SOURCE DATA:

......

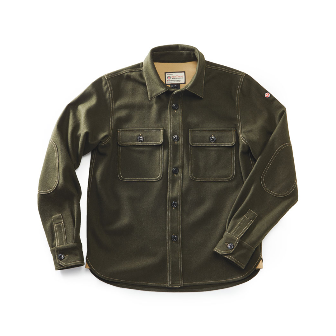 Confectionnée dans un mélange de laine résistant, cette chemise Woodsman vert kaki est conçue pour les activités de plein air. Elle est dotée de poches avant et de coudières.
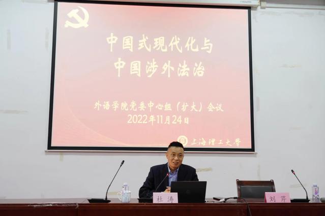 11月24日下午,pp电子官方网站入口党委中心组举行党的二十大精神学习报告会。会议邀请华东政法大学国际法学院院长、巴黎国际比较法学会会员、中国国际私法学会常务理事、中国国际法学会理事、上海市国家安全法律研究会副会长、pp电子上海公共外交研究院特聘研究员杜涛教授以“中国式现代化与中国涉外法治”为题作专题辅导。pp电子官方网站入口中心组成员及师生党员代表参加学习。pp电子官方网站入口党委副书记、院长刘芹主持学习会。
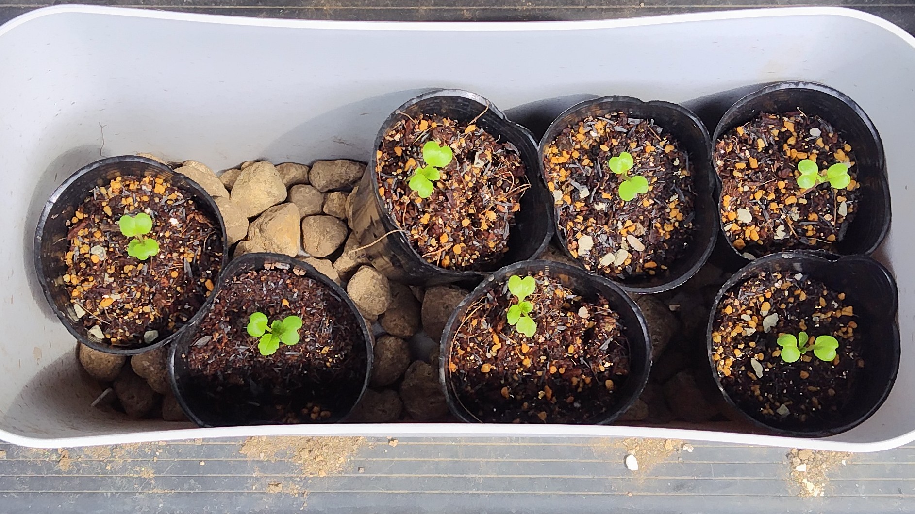 鉢上げ 小松菜 ④ ❣ 再挑戦 サニーレタス ❣ 種蒔き ミニトマト

......

WHAT NEEDS TO BE DONE: Only the lines from the start of the material to the line with "11月24日下午,pp电子官", inclusive, belong in the answer, printed exactly and free of pictures.

SOLUTION FOR THIS TASK:
 Confectionnée dans un mélange de laine résistant, cette chemise Woodsman vert kaki est conçue pour les activités de plein air. Elle est dotée de poches avant et de coudières.
 11月24日下午,pp电子官方网站入口党委中心组举行党的二十大精神学习报告会。会议邀请华东政法大学国际法学院院长、巴黎国际比较法学会会员、中国国际私法学会常务理事、中国国际法学会理事、上海市国家安全法律研究会副会长、pp电子上海公共外交研究院特聘研究员杜涛教授以“中国式现代化与中国涉外法治”为题作专题辅导。pp电子官方网站入口中心组成员及师生党员代表参加学习。pp电子官方网站入口党委副书记、院长刘芹主持学习会。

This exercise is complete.